El cubo de Necker tiene dos posibles interpretaciones: un cubo visto desde arriba o desde abajo. Es condenadamente difícil ver las dos a la vez. Tú sabes que están allí, pero cuando miras el dibujo solo ves una de ellas, generalmente la vista desde arriba. Pero basta que mires el dibujo un buen rato para que el cubo flipe a su otra interpretación. Como sucede con la joven y la vieja, o con la vasija y los perfiles, la información que te entra desde los ojos es siempre la misma, pero alguna parte de tu cerebro —eso que tú llamas yo— está oscilando entre dos percepciones, entre dos estados de consciencia. Más aún: con un poco de práctica, tú puedes dar una orden voluntaria a tu córtex visual para que te presente una imagen o la otra. ¿Qué quiere decir esto?
Nuestro cuerpo está representado en dos tiras verticales de cerebro, un poco por encima de cada oreja.

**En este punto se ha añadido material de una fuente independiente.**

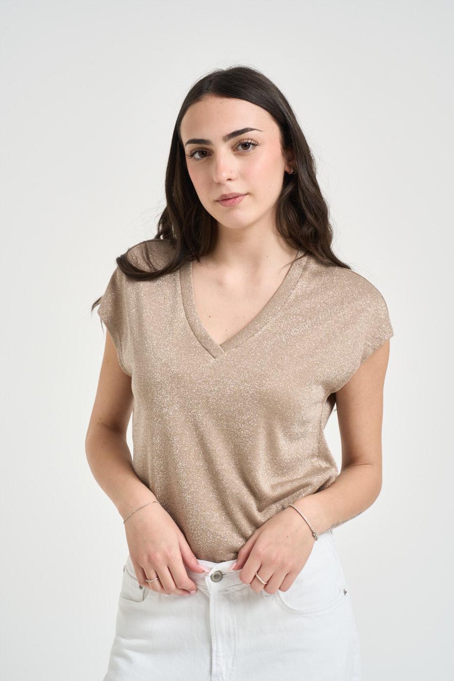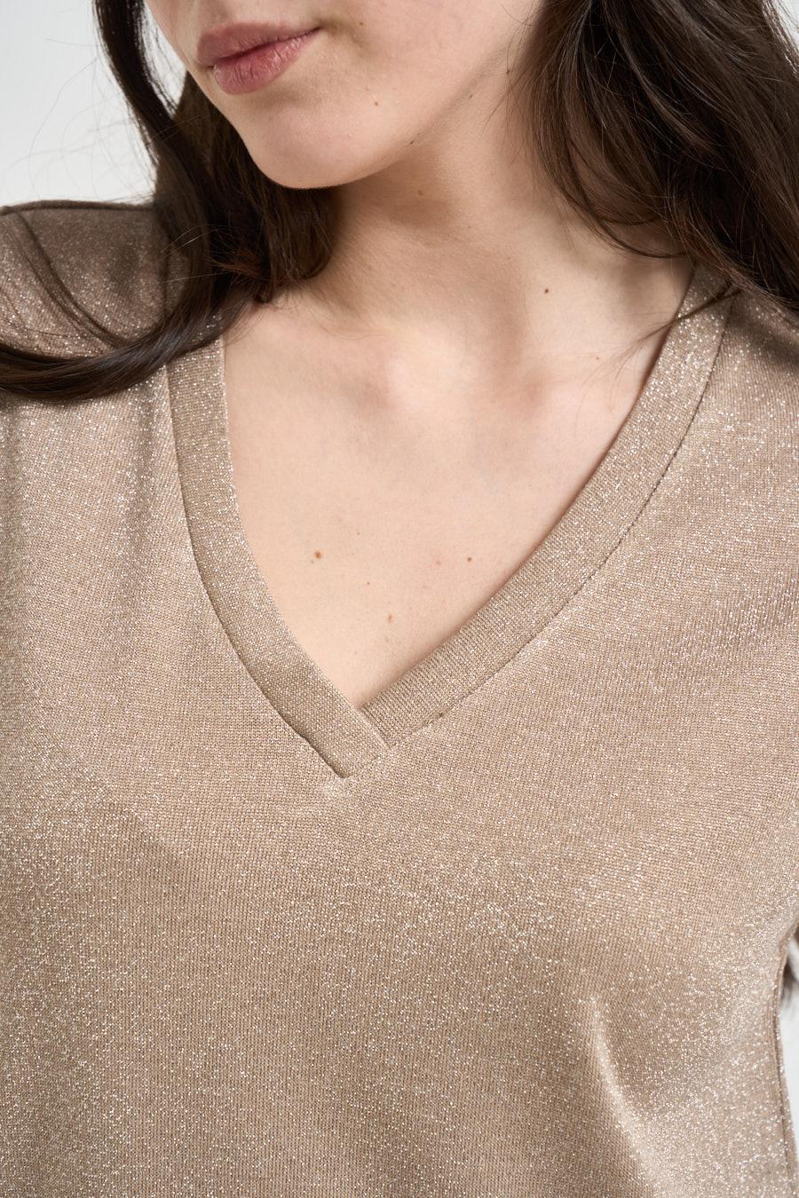 GRACE AND MILA T-shirt donna effetto lurex beige dorato. Modello con scollo a V e maniche corte a kimono, caratterizzato da una texture brillante con filati luminosi che donano un elegante effetto shimmer. Collo e bordi rifiniti con cuciture tono su tono. Composizione: 75%viscosa 25% lurex. La modella è alta 172 cm e indossa la taglia S.

Es el famoso homúnculo somatosensorial, esa figurilla deforme y horripilante de enorme boca y grandes manazas, en justa proporción a las zonas de la piel que le mandan más información sobre lo que tocan: sobre su textura y su temperatura, sobre su forma, también sobre su capacidad para hacer daño. Como nuestro cuerpo es un objeto situado en el mundo físico, y como su geometría es coherente con las coordenadas del entorno —un delante, un detrás, dos lados con la simetría familiar de los espejos—, el homúnculo somatosensorial es en realidad un mapa del mundo. Representa la realidad tal y como la percibe el sentido del tacto, nuestro contacto físico con las cosas.

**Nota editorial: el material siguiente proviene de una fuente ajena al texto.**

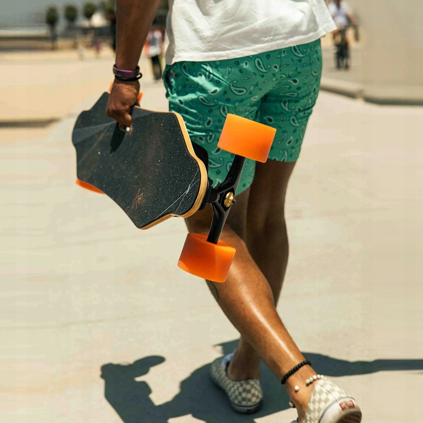 WowGo 3E – tai galingas ir patikimas elektrinis longboardas, sukurtas kasdieniam judėjimui mieste ir įdomių trasų tyrinėjimui. Dvigubi 650 W varikliai ir patikima valdymo sistema garantuoja sklandų įsibėgėjimą ir stabdymą. Lenta pagaminta iš lankstaus kanadietiško klevų, bambuko ir stiklo pluošto mišinio – tai suteikia gerą amortizaciją. Komplekte gausite ratų rinkinį 90 mm dydžio, ergonomišką nuotolinio valdymo pultelį su ekranėliu, įkroviklį, įrankius ir instrukciją – viskas, ko reikia, kad galėtum važiuoti iškart.

Nuestra mente es en parte una colección de mapas interiores de ese tipo, aunque muchos no posean una topografía tan evidente como la del homúnculo, ni tan desagradable de observar. Lo primero que hace el córtex auditivo —tampoco muy lejos de las orejas, ni del homúnculo que representa nuestro cuerpo— con la masa sonora que le llega del mundo exterior a cada instante es clasificarla por sus frecuencias acústicas: como notas en la escala musical, casi literalmente. En el córtex visual, allí atrás en la nuca, los homólogos de las notas musicales son las inclinaciones de las fronteras entre la luz y la sombra.
Zonas del cuerpo, notas en la escala, secuencias ordenadas de ángulos, series de fonemas: mapas de los distintos ejes del mundo.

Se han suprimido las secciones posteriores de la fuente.